Tech Study Guide
Inference Runbooks
Operational runbooks for LLM inference incidents: wrong output, high TTFT, slow inter-token latency, OOM, low throughput, queue buildup, cache pressure, tokenizer mismatch, and runtime regressions.
Inference Runbooks
Inference incidents need fast symptom splitting. Avoid starting with “the GPU is slow.” First classify the failure as behavior, queueing, prefill, decode, memory, API, routing, or release regression.
Command Examples
curl -s http://localhost:8000/v1/models
curl -s http://localhost:8000/metrics | grep -E 'queue|token|kv|error|request'
nvidia-smi
Example output and meaning:
| Command | Example output | What it does |
|---|---|---|
curl -s http://localhost:8000/v1/models |
HTTP status, headers, timing, JSON payload, or TLS/proxy error. |
Separates reachability, TLS, proxy, and application behavior. |
curl -s http://localhost:8000/metrics \| grep -E 'queue\|token\|kv\|error\|request' |
HTTP status, headers, timing, JSON payload, or TLS/proxy error. |
Separates reachability, TLS, proxy, and application behavior. |
nvidia-smi |
GPU utilization, memory use, CUDA visibility, model list, or serving metrics. |
Separates accelerator visibility from model-serving capacity and latency. |
Record route, model ID, adapter, tokenizer/template revision, runtime version, generation config, prompt tokens, output tokens, tenant, and release time.
Symptom Split
| Symptom | First Question |
|---|---|
| Wrong output | Does a deterministic single-call repro fail outside the serving engine? |
| High TTFT | Is the delay queueing or prefill? |
| Slow streaming | Is ITL high on server metrics or only at the client? |
| OOM/rejections | Are weights, KV cache, or workspace the pressure source? |
| Low throughput | Is bottleneck compute, memory bandwidth, scheduler, or routing? |
| Queue buildup | Are workers healthy and admitting requests? |
| Cache preemptions | Are prompt/output/concurrency limits too high? |
| Runtime regression | Did model, tokenizer, adapter, quantization, or engine change? |
Wrong Output
- Reproduce with deterministic decoding.
- Compare model revision, tokenizer, chat template, generation config, and adapter.

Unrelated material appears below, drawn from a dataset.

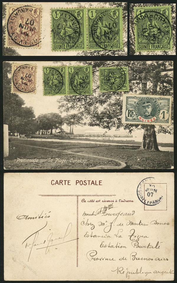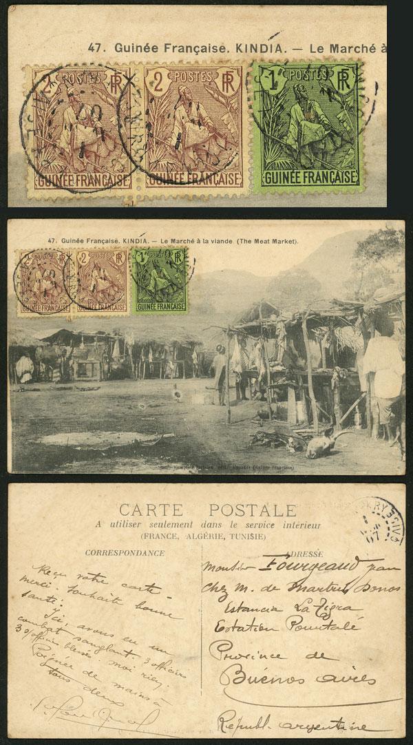 1/AP/1907 Conakry - Argentina, postcard with nice view: "Kindia, meat market", franked with 5c. (Sc.18 + pair Sc.19), unusual destination, very fine quality! (Image)

- Render prompt text and token IDs.
- Test same input in a reference runtime.
- Check retrieval/tool context if present.
- Roll back changed artifact if release-linked.
High TTFT
| Evidence | Meaning |
|---|---|
| High queue time | Admission, capacity, or worker health issue. |
| Long prompt tokens | Prefill-heavy request shape. |
| Low prefix hit rate | Prefix caching not helping. |
| High waiting requests | Scheduler pressure. |
| Cold model | Load/warmup path. |
Levers: reduce prompt tokens, add replicas, route long prompts, enable prefix caching, use chunked prefill, lower concurrency per replica, or scale hardware.
Slow Inter-Token Latency
Check output tokens, decode tokens/sec, KV-cache usage, GPU memory bandwidth, batch occupancy, speculative acceptance rate, and client/network buffering. Levers include smaller model, speculation, quantization, decode-focused pool, lower output caps, or more hardware.
OOM and Cache Pressure
- Compare weight memory estimate to available GPU memory.
- Estimate KV cache for p95 prompt plus output at active concurrency.
- Check
kv_cache_usage, preemptions, swaps, and rejected requests. - Lower
max_model_len, output cap, or concurrency. - Add KV quantization, more memory, or separate long-context pool.
Low Throughput
| Cause | Check |
|---|---|
| Small batches | Batch occupancy and request arrival pattern. |
| Sequence skew | Long outputs holding decode slots. |
| Tensor parallel overhead | Interconnect and NCCL metrics. |
| CPU bottleneck | Tokenization, routing, logging, JSON serialization. |
| Kernel mismatch | Runtime version, quantization, unsupported shape. |
Release Regression
Use this rollback checklist:
- Identify changed model/runtime/tokenizer/template/adapter/quantization/flags.
- Compare golden prompts and structured-output evals.
- Compare TTFT, ITL, queue, cache, and error metrics.
- Canary stop if p95 latency, error rate, or quality gates fail.
- Restore previous artifact bundle and flags.
Study Cards
What is the first split in an inference incident?
Separate behavior, queueing, prefill, decode, memory, API, routing, and release-regression causes.
What usually drives high TTFT?
Queue time, long prompt prefill, cold starts, low prefix-cache hits, or insufficient capacity.
What usually drives slow ITL?
Decode bottlenecks, memory bandwidth, long outputs, poor batch occupancy, or ineffective speculation.